The reddit thread about this story mentions an app "bxActions" that sees to be
doing exactly that and might be worth a look:
[https://www.reddit.com/r/technology/comments/ae265u/samsung_...](https://www.reddit.com/r/technology/comments/ae265u/samsung_phone_users_perturbed_to_find_they_cant/edmeti2/)

------
designtofly
I'm glad this story has gone viral recently. Hopefully there will be more
pressure to stop this practice.

I've been using Android for a number of years now and between the handset
manufacturers and the wireless providers, there has been undeletable crapware
since the beginning. I've been slowly modifying my behavior in response. I
stopped buying phones directly from the wireless providers (e.g. Verizon).
This has noticeably improved my experience. Every time I upgrade my phone, I
look into the Google flagship Android phones, but they always have some
critical flaws that drive me to buy the Samsung Galaxy phones.

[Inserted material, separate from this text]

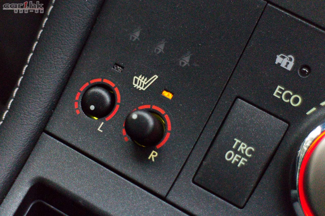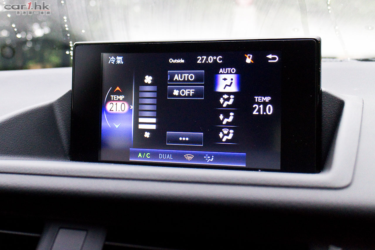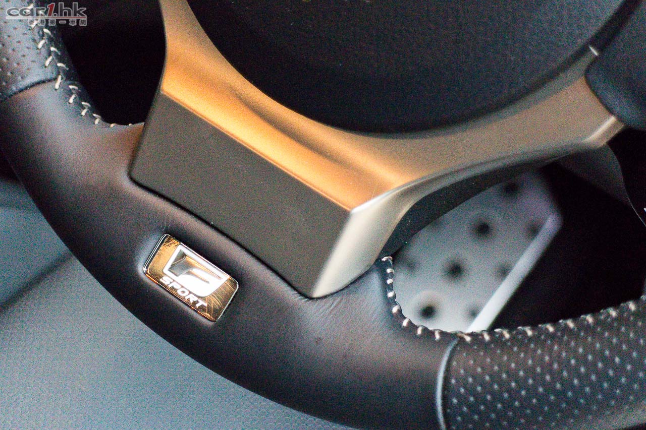 車廂佈局基本上跟普通版一致,中控台簡約整齊,上中下一層層,上方是 7 吋 LCD 顯示屏、中央是冷氣控制、下方是駕駛模式轉換。手枕前方就是中控台轉盤控制器,無需刻意摸索已經很快上手。軚盤貼上 F Sport 車章,同樣擁有多功能按鍵操作和定速系統,但是沒有轉檔撥片,有點美中不足。

The same thing
happened a few months ago when I chose the Galaxy S9+ over the Pixel 3's. I
also always think about switching to Apple iPhone, since I do think they take
user experience and privacy more seriously than Google Android.

While I'm on the subject. Samsung, please get rid of Bixby and all of your
crappy Samsung apps. I hate the feeling that there's two OS's loaded on my
phone... the Android layer and the Samsung layer (which I never use but always
get prompted for unless I figure out how to disable it).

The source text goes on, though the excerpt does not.